黙想のテーマ:「主に導く仲介者」「人生を変える出会い」「喜びを分かち合う」

主に導く仲介者

人生を変える出会い

喜びを分かち合う


今日の日曜日の典礼は召し出しについて語ります。第一朗読はサムエルという神殿に住んでいた少年の召し出しについてです。ある晩寝ていると、誰かが三度、彼の名を呼びました。その度に彼は祭司エリのもとに行きます。エリが彼の名を呼んだと思ったからです。三度目にサムエルがエリのもとに行った時「エリは、少年を呼ばれたのは主であると悟り、 サムエルに言った。『戻って寝なさい。もしまた呼びかけられたら、〈主よ、お話しください。僕は聞いております〉と言いなさい』」。それ以来サムエルは主の声を聞き分けることを学び、預言者となりました。福音書も似たような場面を提示します。洗礼者ヨハネはイエスが歩いているのを見て二人の弟子に言いました「見よ、神の小羊だ」(ヨハネ1・36)。二人はイエスに従い、イエスと共にその日を過ごした後、イエスがメシアであると認めました。続けて彼らは他の人々に自分がメシアに出会ったことを伝え、このようにしてイエスの最初の弟子たちのグループが生まれました。

これら2つのテキストでは「仲介者の役割を果たす人の重要性が強調されます。仲介者は、召し出された人が神の声を聞き分け、これに従うのを助けます」[1]。サムエルと二人の弟子はエリと洗礼者のおかげで主を知ることができました。神は自身の呼びかけを示すために人を用います。第一に「両親が果たす根本的な役割」があります。「両親は、自らの真正で喜びに満ちた信仰と、結婚の愛をもって、神への愛に基づいて全生涯を築くことがすばらしく、またそれは可能であることを子どもたちに示すのです」[2]。それゆえ聖ホセマリアはよく、オプス・デイのメンバーの召し出しは99%彼らの両親に由来すると、話していました[3]。それに加え友人や〈長男〉の証は、私たちの視野を広げ、私たちがキリストの塩となり光となるための後押しをしてくれます。これらの人は洗礼者のようにキリストを私たちに指し示し、私たちがキリストと共に生きる喜びを見出すよう私たちを招きます。この祈りの時間において私たちは、自分が信仰と召し出しの道を歩むことを助けてくれた人々のことを思い出し、感謝することができるでしょう。また私たちがエリや洗礼者のように周囲の人々に主への道を示すものとなれるよう神に助けを願うこともできるでしょう。

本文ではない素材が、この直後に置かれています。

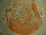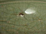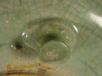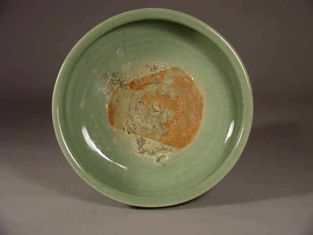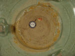 bluish-green transparent glaze. The unglazed countersunk base and patch on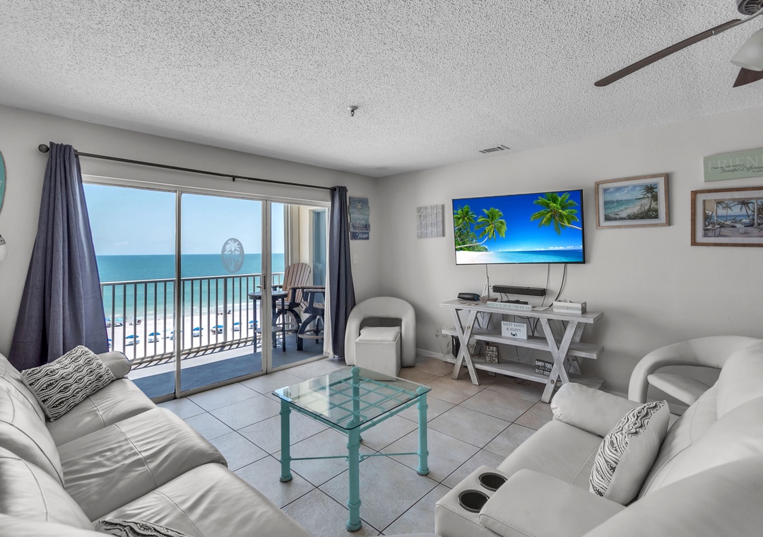 The open living room features a roomy couch with built-in recliners, USB chargers and cup holders, a big-screen TV, and direct access to the balcony. The private west-facing balcony is the perfect place to enjoy our morning coffee, breathtaking sunsets every evening and just watching the beach’s action unfold throughout the day.

二人の弟子、ヨハネとアンデレはイエスに彼がどこに住んでいるのかを尋ねます。この問いかけは憧れから来るものだったかもしれませんし、好奇心から来るものだったかもしれません。主は彼らに言います:「来なさい。そうすれば分かる」。イエスは彼らに詳しい情報を与えません。その一方で彼らが自分のもとに来るよう、もっと深くイエスと関わるよう招きます。彼らは招きに応えます:「そこで、彼らはついて行って、どこにイエスが泊まっておられるかを見た。そしてその日は、イエスのもとに泊まった」。この出来事に感銘を受けたヨハネは後に福音書を書いた時までその時刻を覚えていました:「午後四時ごろのことである」(ヨハネ1・39)。「この箇所はわたしたちに考えさせてくれます。多くの出会いが忘れ去られてしまいますが、イエスとの真の出会いはいつまでも記憶に残ります。そしてこの二人は何年も後に、時間さえも思い出します。あれほど幸せで、完全で、自分たちの人生を変えた出会いを、忘れることなどできません」[4]

もしかしたらヨハネとアンデレは、はじめ、明確で具体的な答えを得ることを期待して、イエスに近づいたのかもしれません。そしてあとで必要な時にそこを訪問しようと考えていたのかもしれません。福音書には、明確な答えを得るためにイエスに近づいた人々が描かれています。例えば金持ちの青年は次のように尋ねました:「先生、永遠の命を得るには、どんな善いことをすればよいのでしょうか」(マタイ19・16)。このような問いかけに対し常に主は質問者が自身により近づくよう、自身と人生と命を分かち合うよう招きます。なぜならそれが私たちの幸せへの渇望を満たしてくれる唯一の理想だからです。「わたしたちは多くのことを体験し、多くのことをやり遂げ、多くの人と関係を築きますが、イエスとの出会いだけが―それがいつなのかは神がご存じです―わたしたちの人生に完全な意味を与え、わたしたちの計画や取り組みを実り豊かなものにすることができるのです」[5]。結婚であれ、使徒的独身であれ、どんな召し出しにおいても、私たちは神と人生と命を分かち合い、それらを他者に与えるよう呼ばれています。後に福音書を書きながらヨハネが自己の人生を振り返った時、彼は自分のキリストとの出会いを何ものにも代えがたい決定的な出来事として振り返ったことでしょう。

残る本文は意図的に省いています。